Weiss Vivian L, Antonescu Cristina R, Alaggio Rita, Cates Justin M, Gaskin David, Stefanovici Camelia, Coffin Cheryl M
1 Department of Pathology, Microbiology, and Immunology, Vanderbilt University, Nashville, TN, USA.
Pediatr Dev Pathol. 2013 Nov-Dec;16(6):425-31. doi: 10.2350/13-06-1353-CR.1. Epub 2013 Aug 6.
Myxoinflammatory fibroblastic sarcoma (MIFS), originally described as a low-grade malignant soft-tissue tumor in adults, has recently been reported in children and in non-acral sites. This report describes the clinicopathologic features of a series of 5 MIFS in children and adolescents (3 males, 2 females), ranging in age from 5 to 17 years (mean, 13 years). These tumors presented as small, superficial, slowly growing soft-tissues masses of the scalp, neck, middle finger, forearm, and thigh. Histologically, the tumors were composed of spindled and plump polygonal cells with prominent nuclear pleomorphism, nuclear pseudoinclusions; large eosinophilic nucleoli; myxoid foci intermingled with spindled foci; and an accompanying inflammatory infiltrate of lymphocytes, plasma cells, and variable neutrophils. Immunohistochemical analysis revealed variable reactivity for CD34 and smooth muscle actin in the tumor cells. Genetic analysis in 3 cases showed no rearrangements of TGFBR3 or MGEA5. Follow up in 4 cases revealed no recurrence or metastasis.
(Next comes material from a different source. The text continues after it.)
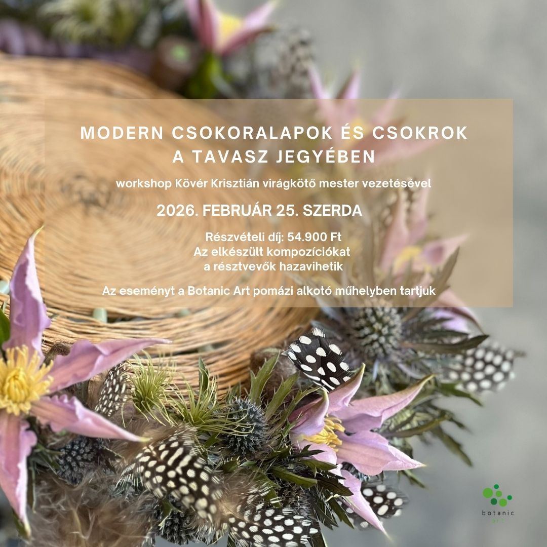 A workshop ára tartalmazza a felhasznált anyagok és kellékek árát is. A kész kompozíciók a nap végén elvihetők!

These 5 cases of childhood and adolescent MIFS demonstrate an expanded age range and topographic distribution and a favorable outcome. The differential diagnosis and importance of recognizing this rare neoplasm in young patients are discussed.
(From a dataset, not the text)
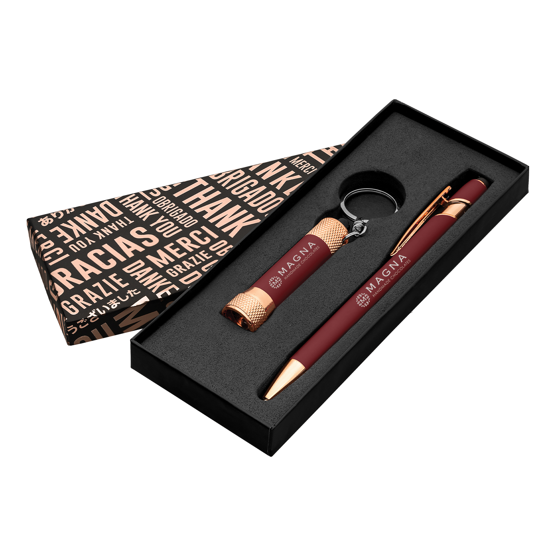 Ob für einen wertvollen Kunden oder einen engagierten Mitarbeiter – bei uns finden Sie das perfekte „Danke“. Unser Geschenkset, verziert mit roségoldenen Akzenten und verpackt in einer stilvollen „Dankeschön“-Box, enthält einen trendigen Kugelschreiber und eine Taschenlampe, beide farblich aufeinander abgestimmt. Dieses Set, bekannt als „Miami Gold Danke“ oder auch als „Mia Geschenkset mit Roségold-Akzenten und Dankeschön-Schachtel“, ist ein echter Bestseller. Der Kugelschreiber ist mit einer Stylus-Spitze für Touchscreens ausgestattet, während die Taschenlampe mit einem Schlüsselanhänger und drei LED-Lichtern versehen ist. Beide Artikel werden mit Ihrem Logo graviert und in einer eleganten schwarzen Geschenkschachtel mit einem roségoldenen „Danke“-Schriftzug geliefert – fertig zum Verschenken.

黏液炎性纤维母细胞肉瘤(MIFS)最初被描述为成人的一种低级别恶性软组织肿瘤,最近在儿童及非肢端部位也有报道。本报告描述了一系列5例儿童及青少年MIFS(3例男性,2例女性)的临床病理特征,年龄范围为5至17岁(平均13岁)。这些肿瘤表现为头皮、颈部、中指、前臂和大腿处小的、浅表的、生长缓慢的软组织肿块。组织学上,肿瘤由梭形和饱满的多边形细胞组成,具有明显的核多形性、核假包涵体;大的嗜酸性核仁;黏液样灶与梭形灶相互交织;并伴有淋巴细胞、浆细胞和不同数量中性粒细胞的炎性浸润。免疫组化分析显示肿瘤细胞对CD34和平滑肌肌动蛋白的反应性各异。3例的基因分析显示未发现TGFBR3或MGEA5重排。4例随访未发现复发或转移。这5例儿童及青少年MIFS显示出年龄范围和部位分布的扩大以及良好的预后。讨论了年轻患者中鉴别诊断及认识这种罕见肿瘤的重要性。